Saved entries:
####

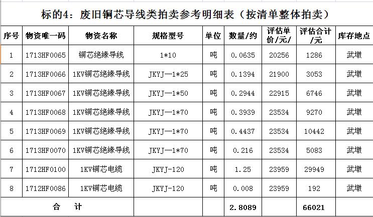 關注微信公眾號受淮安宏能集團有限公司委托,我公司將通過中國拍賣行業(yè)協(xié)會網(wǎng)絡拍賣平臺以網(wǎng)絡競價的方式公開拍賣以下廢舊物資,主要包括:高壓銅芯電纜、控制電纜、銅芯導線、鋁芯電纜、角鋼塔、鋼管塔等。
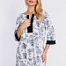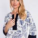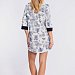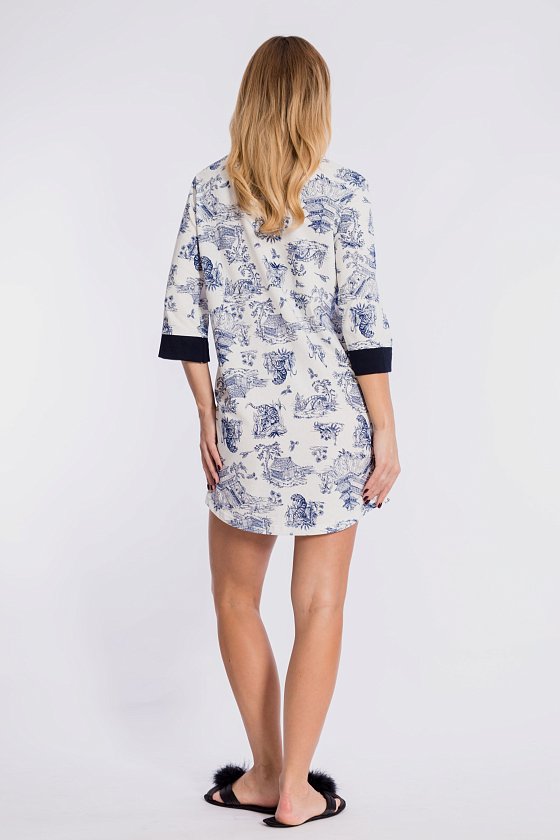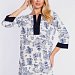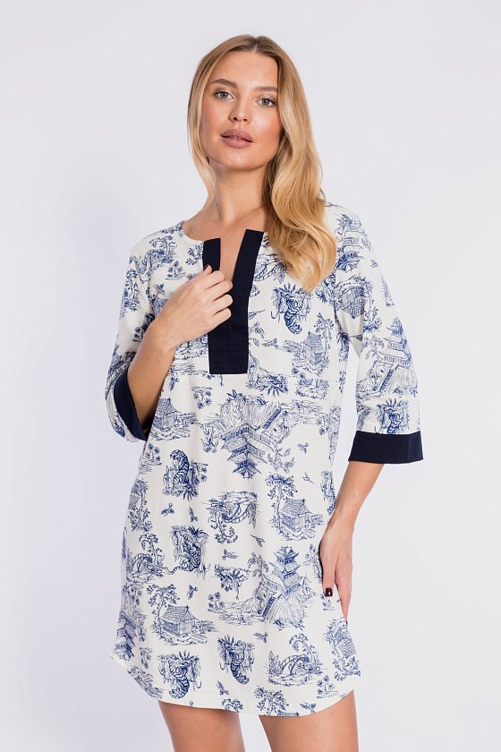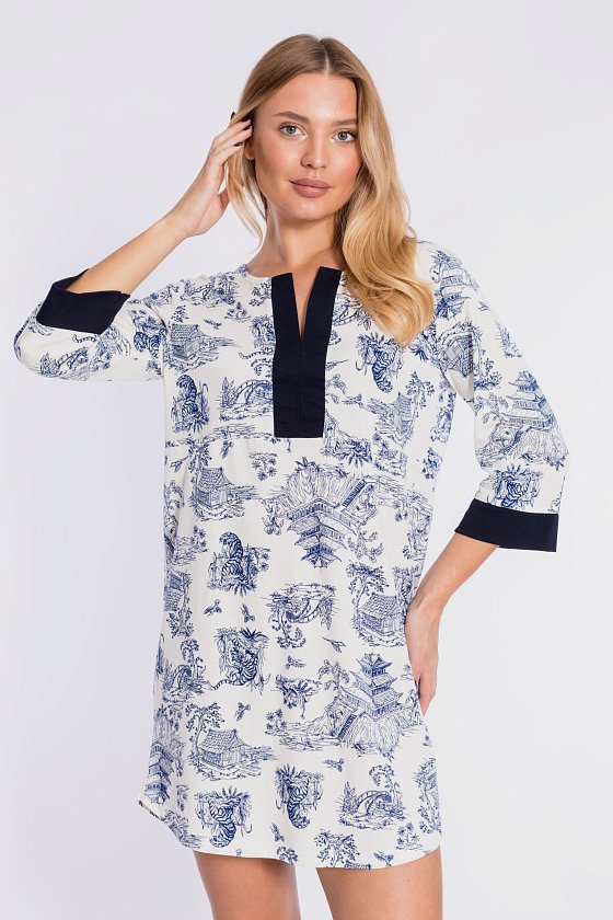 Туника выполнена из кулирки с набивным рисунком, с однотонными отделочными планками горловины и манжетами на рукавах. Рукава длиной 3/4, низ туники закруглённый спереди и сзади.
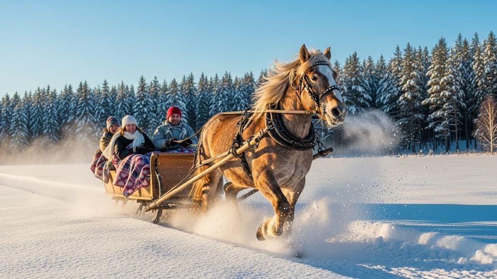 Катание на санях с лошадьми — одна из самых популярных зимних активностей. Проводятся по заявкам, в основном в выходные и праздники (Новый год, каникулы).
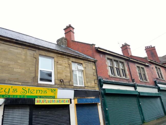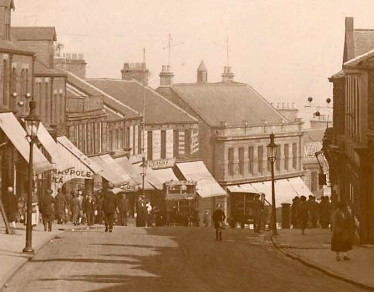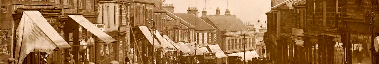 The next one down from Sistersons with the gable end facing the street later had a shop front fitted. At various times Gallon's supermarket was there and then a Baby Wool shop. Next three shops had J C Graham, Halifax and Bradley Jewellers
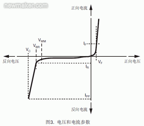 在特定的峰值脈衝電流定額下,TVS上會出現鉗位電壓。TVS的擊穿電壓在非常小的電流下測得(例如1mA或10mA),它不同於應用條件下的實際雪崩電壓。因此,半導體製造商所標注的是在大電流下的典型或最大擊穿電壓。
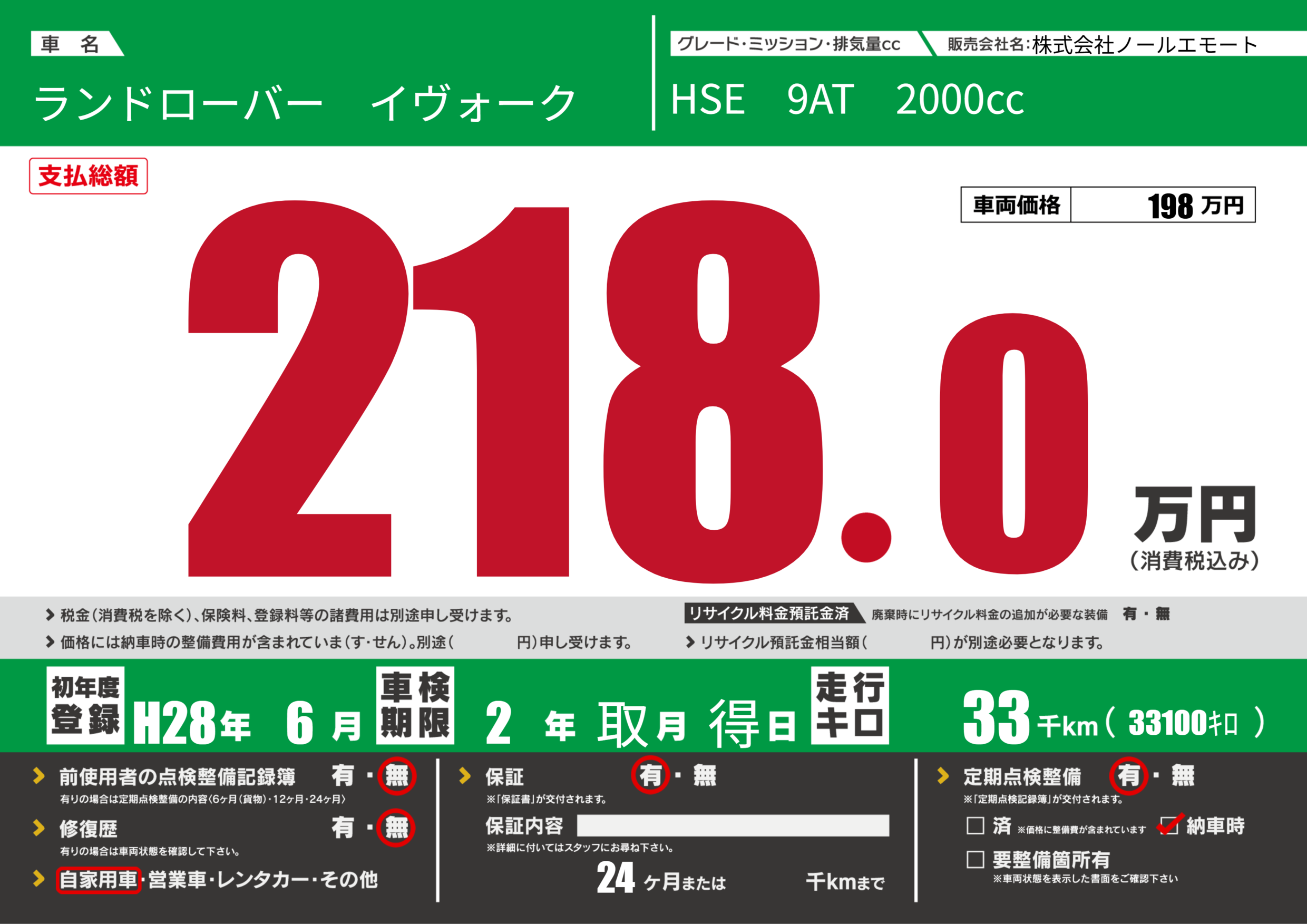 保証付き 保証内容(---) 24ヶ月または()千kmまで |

####

Instructions to follow:
The entries are to be written out in full and exactly, apart from the pictures.

Your response:
 關注微信公眾號受淮安宏能集團有限公司委托,我公司將通過中國拍賣行業(yè)協(xié)會網(wǎng)絡拍賣平臺以網(wǎng)絡競價的方式公開拍賣以下廢舊物資,主要包括:高壓銅芯電纜、控制電纜、銅芯導線、鋁芯電纜、角鋼塔、鋼管塔等。
 Туника выполнена из кулирки с набивным рисунком, с однотонными отделочными планками горловины и манжетами на рукавах. Рукава длиной 3/4, низ туники закруглённый спереди и сзади.
 Катание на санях с лошадьми — одна из самых популярных зимних активностей. Проводятся по заявкам, в основном в выходные и праздники (Новый год, каникулы).
 The next one down from Sistersons with the gable end facing the street later had a shop front fitted. At various times Gallon's supermarket was there and then a Baby Wool shop. Next three shops had J C Graham, Halifax and Bradley Jewellers
 在特定的峰值脈衝電流定額下,TVS上會出現鉗位電壓。TVS的擊穿電壓在非常小的電流下測得(例如1mA或10mA),它不同於應用條件下的實際雪崩電壓。因此,半導體製造商所標注的是在大電流下的典型或最大擊穿電壓。
 保証付き 保証内容(---) 24ヶ月または()千kmまで |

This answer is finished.